Task directions | Copy nothing from the entries below except the lines from the one containing "患者王大叔(化名)1月前感觉" through the one containing "Art > EXAM >", and copy those exactly.

Excerpted records |
━━━━━━━━

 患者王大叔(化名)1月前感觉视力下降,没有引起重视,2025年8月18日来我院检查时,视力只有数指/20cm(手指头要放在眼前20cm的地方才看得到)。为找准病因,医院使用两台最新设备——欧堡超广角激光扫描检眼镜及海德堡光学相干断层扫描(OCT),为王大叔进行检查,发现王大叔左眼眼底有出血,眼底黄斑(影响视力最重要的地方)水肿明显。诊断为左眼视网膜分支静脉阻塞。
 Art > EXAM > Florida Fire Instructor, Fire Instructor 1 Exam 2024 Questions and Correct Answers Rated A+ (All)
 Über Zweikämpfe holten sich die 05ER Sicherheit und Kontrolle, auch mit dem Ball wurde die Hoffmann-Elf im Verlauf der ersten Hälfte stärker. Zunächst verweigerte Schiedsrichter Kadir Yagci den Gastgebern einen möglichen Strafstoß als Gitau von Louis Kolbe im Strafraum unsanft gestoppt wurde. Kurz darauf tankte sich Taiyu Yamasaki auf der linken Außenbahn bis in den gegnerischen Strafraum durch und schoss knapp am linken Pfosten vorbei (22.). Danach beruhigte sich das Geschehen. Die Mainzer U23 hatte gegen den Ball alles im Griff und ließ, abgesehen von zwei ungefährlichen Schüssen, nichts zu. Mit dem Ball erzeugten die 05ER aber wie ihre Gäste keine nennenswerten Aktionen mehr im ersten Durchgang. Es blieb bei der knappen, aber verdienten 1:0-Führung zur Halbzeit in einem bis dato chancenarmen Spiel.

━━━━━━━━

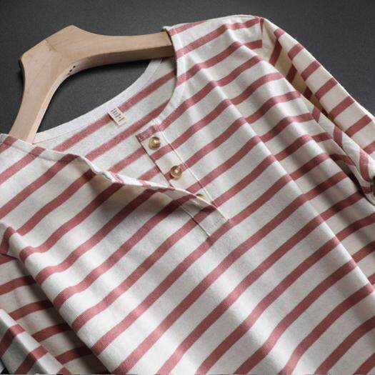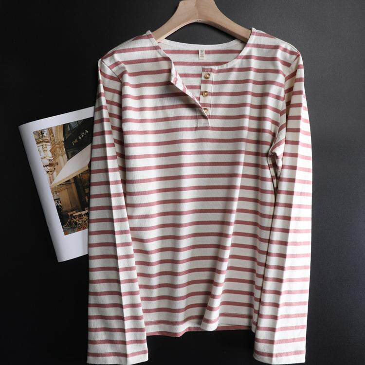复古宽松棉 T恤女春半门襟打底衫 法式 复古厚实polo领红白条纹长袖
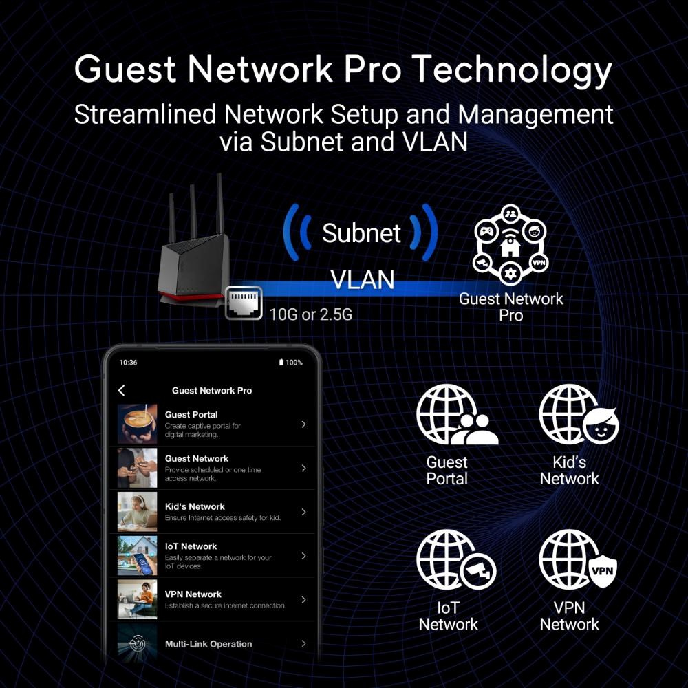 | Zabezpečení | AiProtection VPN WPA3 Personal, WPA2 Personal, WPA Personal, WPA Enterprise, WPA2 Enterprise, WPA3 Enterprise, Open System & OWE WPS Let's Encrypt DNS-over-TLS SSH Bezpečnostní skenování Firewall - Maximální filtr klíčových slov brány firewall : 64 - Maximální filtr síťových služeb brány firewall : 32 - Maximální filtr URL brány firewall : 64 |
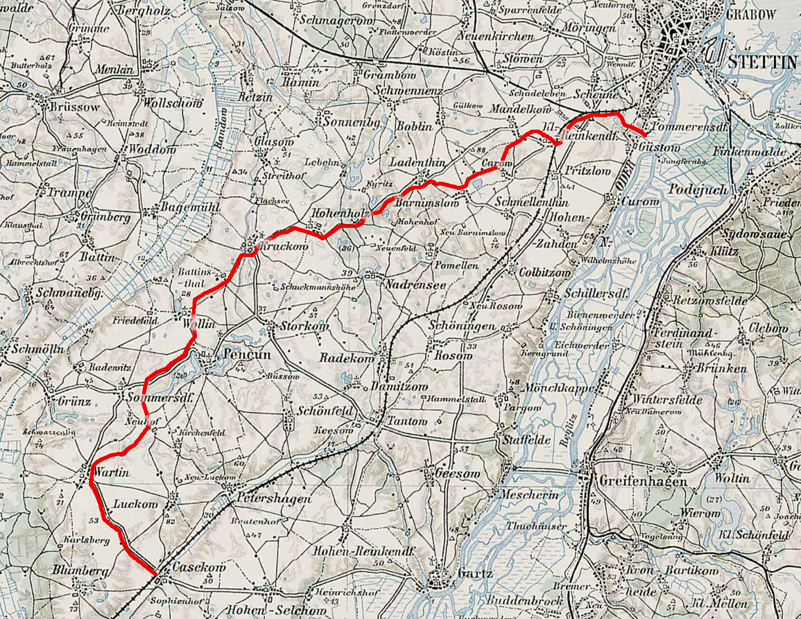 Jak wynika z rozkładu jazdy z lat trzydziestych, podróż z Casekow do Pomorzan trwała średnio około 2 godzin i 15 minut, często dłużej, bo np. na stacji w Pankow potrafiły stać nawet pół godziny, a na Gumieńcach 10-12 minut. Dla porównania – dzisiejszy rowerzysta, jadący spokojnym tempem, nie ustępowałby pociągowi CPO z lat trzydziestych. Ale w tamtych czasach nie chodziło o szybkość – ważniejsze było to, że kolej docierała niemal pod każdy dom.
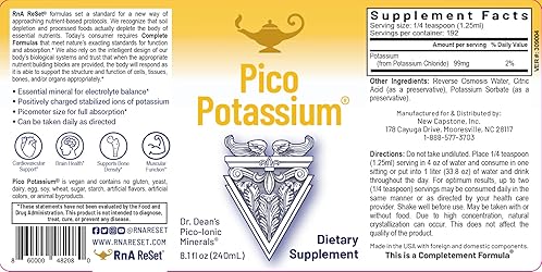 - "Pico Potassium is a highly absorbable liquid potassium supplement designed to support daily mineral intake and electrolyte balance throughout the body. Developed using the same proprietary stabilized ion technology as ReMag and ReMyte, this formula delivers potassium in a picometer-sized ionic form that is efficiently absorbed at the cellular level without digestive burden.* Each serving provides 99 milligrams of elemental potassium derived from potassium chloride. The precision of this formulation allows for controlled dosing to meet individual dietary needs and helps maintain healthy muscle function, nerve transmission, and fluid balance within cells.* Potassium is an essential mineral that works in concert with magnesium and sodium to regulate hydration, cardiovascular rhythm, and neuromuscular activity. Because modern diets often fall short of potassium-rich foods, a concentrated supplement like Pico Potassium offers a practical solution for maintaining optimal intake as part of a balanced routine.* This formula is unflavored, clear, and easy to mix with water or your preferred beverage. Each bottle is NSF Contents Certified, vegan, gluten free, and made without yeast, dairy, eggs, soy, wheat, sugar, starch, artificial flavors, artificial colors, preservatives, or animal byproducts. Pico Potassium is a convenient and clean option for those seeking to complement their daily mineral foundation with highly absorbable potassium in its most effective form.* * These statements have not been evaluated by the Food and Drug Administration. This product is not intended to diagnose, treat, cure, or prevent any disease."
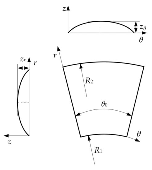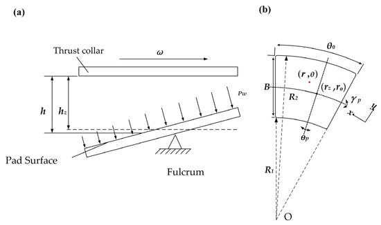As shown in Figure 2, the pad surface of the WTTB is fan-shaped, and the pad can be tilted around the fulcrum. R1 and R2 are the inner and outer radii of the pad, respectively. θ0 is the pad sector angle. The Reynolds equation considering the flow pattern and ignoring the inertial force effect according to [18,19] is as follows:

━━━━━━━━

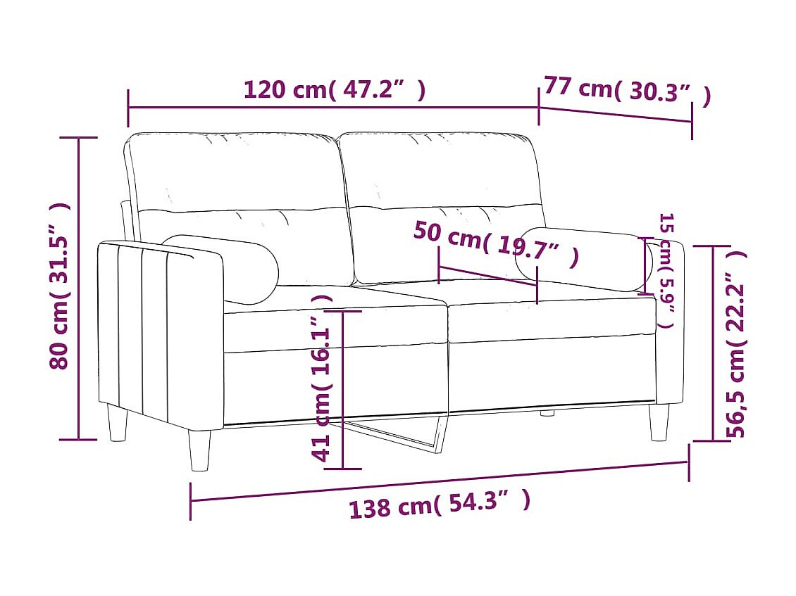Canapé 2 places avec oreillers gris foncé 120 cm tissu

━━━━━━━━

Finished exercise |
 患者王大叔(化名)1月前感觉视力下降,没有引起重视,2025年8月18日来我院检查时,视力只有数指/20cm(手指头要放在眼前20cm的地方才看得到)。为找准病因,医院使用两台最新设备——欧堡超广角激光扫描检眼镜及海德堡光学相干断层扫描(OCT),为王大叔进行检查,发现王大叔左眼眼底有出血,眼底黄斑(影响视力最重要的地方)水肿明显。诊断为左眼视网膜分支静脉阻塞。
 Art > EXAM > Florida Fire Instructor, Fire Instructor 1 Exam 2024 Questions and Correct Answers Rated A+ (All)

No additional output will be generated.